In the following Examples and Comparative Examples, the following T
Die cast film forming conditions were used as common conditions. (1) Extruder: 50 mmφ extruder (No. 1) / 40
mmφ extruder (No. 2) (2) Die: 2 types, 2 layers T die, 600 mm width, gap: 0.9 mm (3) Extrusion amount: No. 1-21 kg / hr, No. 2
-11 kg / hr (4) Film thickness: 50 μm 1 and No. 1 Both extruders extruded the same raw resin to obtain a single-layer film. In Examples 1, 2, 4 to 7, 9, and 10, and Comparative Examples 1 to 3, a predetermined amount of an antioxidant shown in Table 1 was previously mixed with an ethylene polymer, and the mixture was melt-mixed with an extruder. A T-die cast film was formed using the pelletized material.

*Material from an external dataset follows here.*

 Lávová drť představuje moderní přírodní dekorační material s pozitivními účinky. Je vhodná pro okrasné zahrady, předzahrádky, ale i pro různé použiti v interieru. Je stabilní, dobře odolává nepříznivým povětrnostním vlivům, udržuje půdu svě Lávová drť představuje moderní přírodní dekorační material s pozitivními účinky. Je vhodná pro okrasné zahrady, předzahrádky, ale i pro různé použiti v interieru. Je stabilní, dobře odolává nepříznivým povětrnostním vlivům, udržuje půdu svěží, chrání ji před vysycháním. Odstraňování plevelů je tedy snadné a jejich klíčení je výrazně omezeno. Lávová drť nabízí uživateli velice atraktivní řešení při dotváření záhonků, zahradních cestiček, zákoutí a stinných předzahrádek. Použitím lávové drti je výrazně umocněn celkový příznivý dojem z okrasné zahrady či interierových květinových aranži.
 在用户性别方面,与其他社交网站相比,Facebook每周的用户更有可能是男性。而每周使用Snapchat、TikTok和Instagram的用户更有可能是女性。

Examples 1 to 3 and Comparative Examples 1 to 2 Ethylene-hexene-1 copolymers obtained with a Ziegler-Natta catalyst as shown in Table 1 were used as the ethylene-based polymer. A T-die cast film was produced below. Table 1 shows the evaluation results of the obtained films.
Are shown together.

Examples 4 to 9 and Comparative Examples 3 and 4 Ethylene-hexene-1 copolymers obtained with metallocene catalysts as shown in Table 1 were used as ethylene-based polymers. A T-die cast film was produced below. The evaluation results of the obtained film are also shown in Table 1.

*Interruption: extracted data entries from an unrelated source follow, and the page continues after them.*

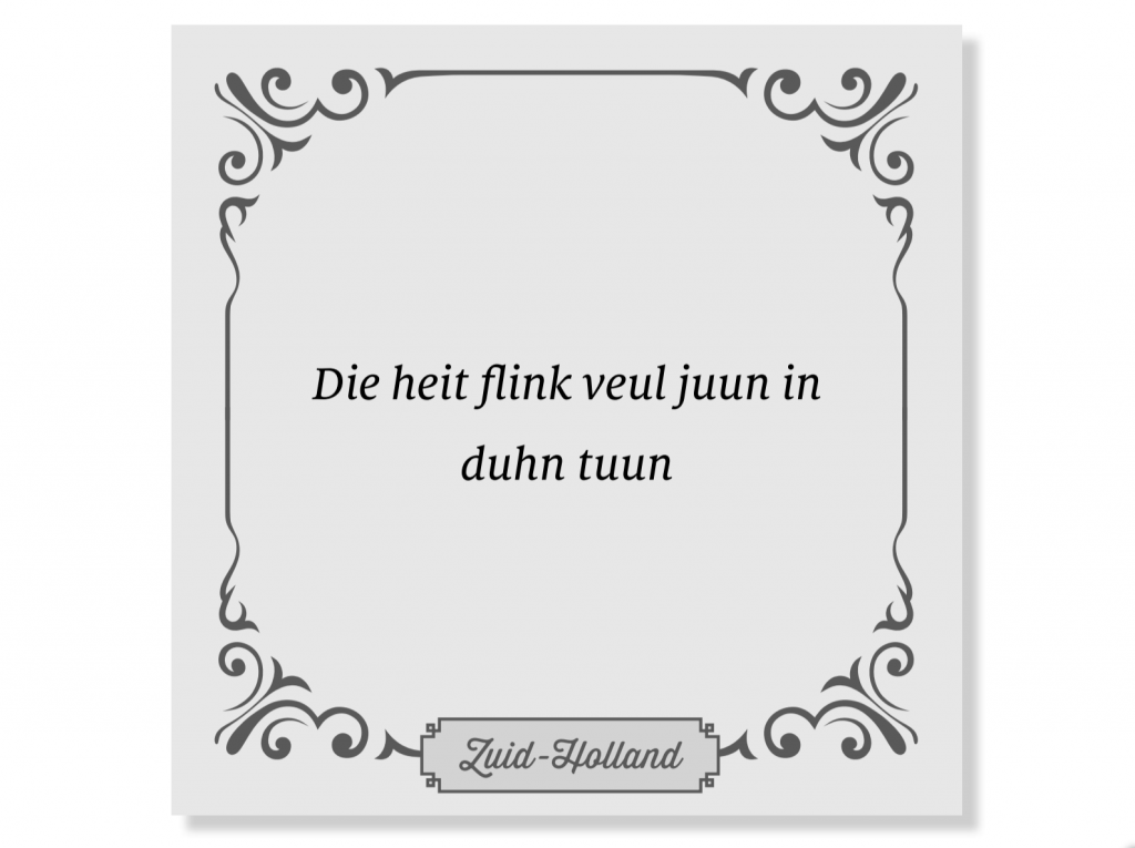 We worden allemaal geacht correct ‘Standaard Nederlands’ te spreken en te schrijven (voor zover dat bestaat), maar daar houdt onze taal (gelukkig) niet op. Alleen al binnen onze landsgrenzen bestaan er honderden dialecten – en dan rekenen we Vlaanderen nog niet eens mee. Hoe goed ken jij je moerstaal buiten het ‘ABN’? Test je kennis van de regionale spreekwoorden en uitdrukkingen met deze quiz!
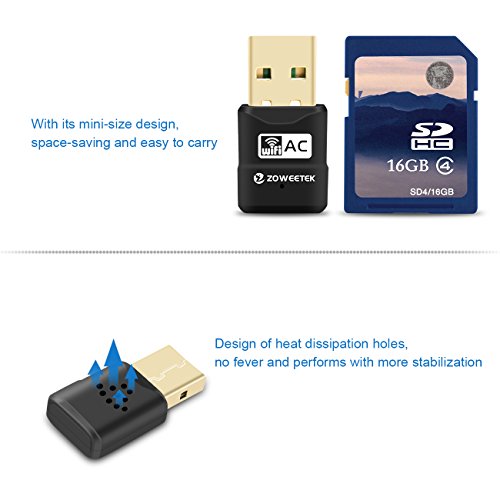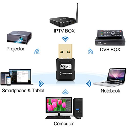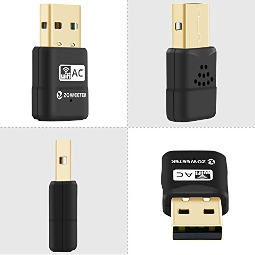 Studio : Zoweetek Publisher : Zoweetek Binding : Electronics Product Description Function: Receive Signal (Station Mode): As a Wi-Fi receiver, plug into your computer or laptop, then connect your computer or laptop to a wireless network. Transmit Signal (AP Mode): As a Wi-Fi transmitter, plug into your computer or laptop, then creat a Wi-Fi hotspot for your other wireless devices. Main Features: 1. Complies with IEEE 802.11ac , IEEE 802.11a,IEEE 802.11n, IEEE 802.11g and IEEE 802.11b standards. 2. The 5GHz 433Mbps is perfect for HD video streaming and lag-free online gaming, while using 2.4GHz 150Mbps Wi-Fi for normal use such as web surfing. 3. Mini size avoiding hit. Hest dissipation holes maintain efficient work. 4. Easy to install and set. Technical Parameters: Standard: IEEE 802.11 b/g/n 2.4GHz, IEEE 802.11 a/n/ac 5GHz Wi-Fi Performance: AC600Mbps (2.4G 150M / 5G 433M) Work Channels: 13 channels at 2.4GHz, 9 channels at 5GHz. (Only AP mode can choose 2.4Ghz or 5Ghz wireless channel but Station Mode can connect to 2.4Ghz or 5Ghz wireless channel WiFi) Support Systems: Windows XP/Vista/7/8/10,Mac OS X 10.6-10.12 and Linux Special Notes: 1. Under the AP Mode, its WiFi speed isn't over your ethernet max speed. Under the Station Mode, your computer network speed isn't over the WiFi max speed. 2. If you use this dongle on Linux, please refer to this video: https://www.youtube.com/watch?v=XJ0gcA778Ms 3. If you can't use the disk, please email Zoweetek Customer Service to get driver file. Packing list: 1 * usb wifi adapter 1 * CD 1 * Manual 1-year warranty 0
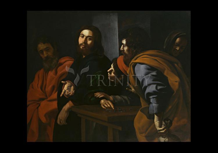 One of the outstanding figures of Neapolitan painting, Caracciolo was deeply influenced by Caravaggio, who worked in Naples in 1606–7 and again in 1610. The artist shows the moment when Jesus asks Matthew, an avaricious tax collector, to renounce his worldly possessions and follow Him (Matthew 9:9). Jesus’s gaze and outward gesture present the viewer with the same quandary as Matthew's: whether to embrace Christ’s invitation or the money bag at the edge of the canvas.

Example 10 A so-called high-pressure low-density polyethylene obtained by polymerizing ethylene by a high-pressure radical polymerization method with an ethylene-hexene-1 copolymer obtained with a metallocene catalyst as shown in Table 1 as an ethylene copolymer. (High-pressure LDPE), and a T-die cast film was produced under the processing conditions shown in Table 1. The evaluation results of the obtained film are also shown in Table 1.

[0031]

[Table 1]

* 1) in Table 1 above indicates that 0.06% by weight of Irganox 1076 and 0.02% by weight of Irgafos 168 were used as antioxidants.
4% by weight. * 2) in the above Table 1
It shows that 0.04% by weight of Irganox 1076 and 0.03% by weight of Irgafos 168 were contained as antioxidants.
The above antioxidants are all manufactured by Ciba Specialty Chemical Co., Ltd.

Claims (5)

[Claims] (1) a density of 0.88 to 0.95 g / cm ³ and 1
Processing an ethylene polymer or a resin composition containing the ethylene polymer having a melt index of 30 to 2000 g / 10 minutes at 90 ° C. and a load of 21.6 kg at a melting temperature of 210 ° C. or less in a die gap. A method for producing a T-die cast film, comprising: 2. An ethylene polymer wherein the weight ratio a (% by weight) of the cold xylene-soluble portion of the ethylene polymer satisfies the following formula (1) or a composition containing the ethylene polymer. Item 10. The method for producing a T-die cast film according to Item 1. a <4.8 × 10 ⁴ × (0.95−d) ³ +10 ⁶ × (0.95−d) ⁴ +1 Formula (1) (In the above formula (1), d represents the ethylene polymer or the ethylene polymer. Indicates the density of the composition contained.) 3. The method according to claim 1, wherein the ethylene polymer is produced in the presence of a catalyst containing a transition metal compound having a group having a cyclopentadiene-type anion skeleton. 4. A T-die cast film obtained by the production method according to claim 1. 5. A multilayer T-die cast film comprising at least one layer of a T-die cast film obtained by the production method according to claim 1.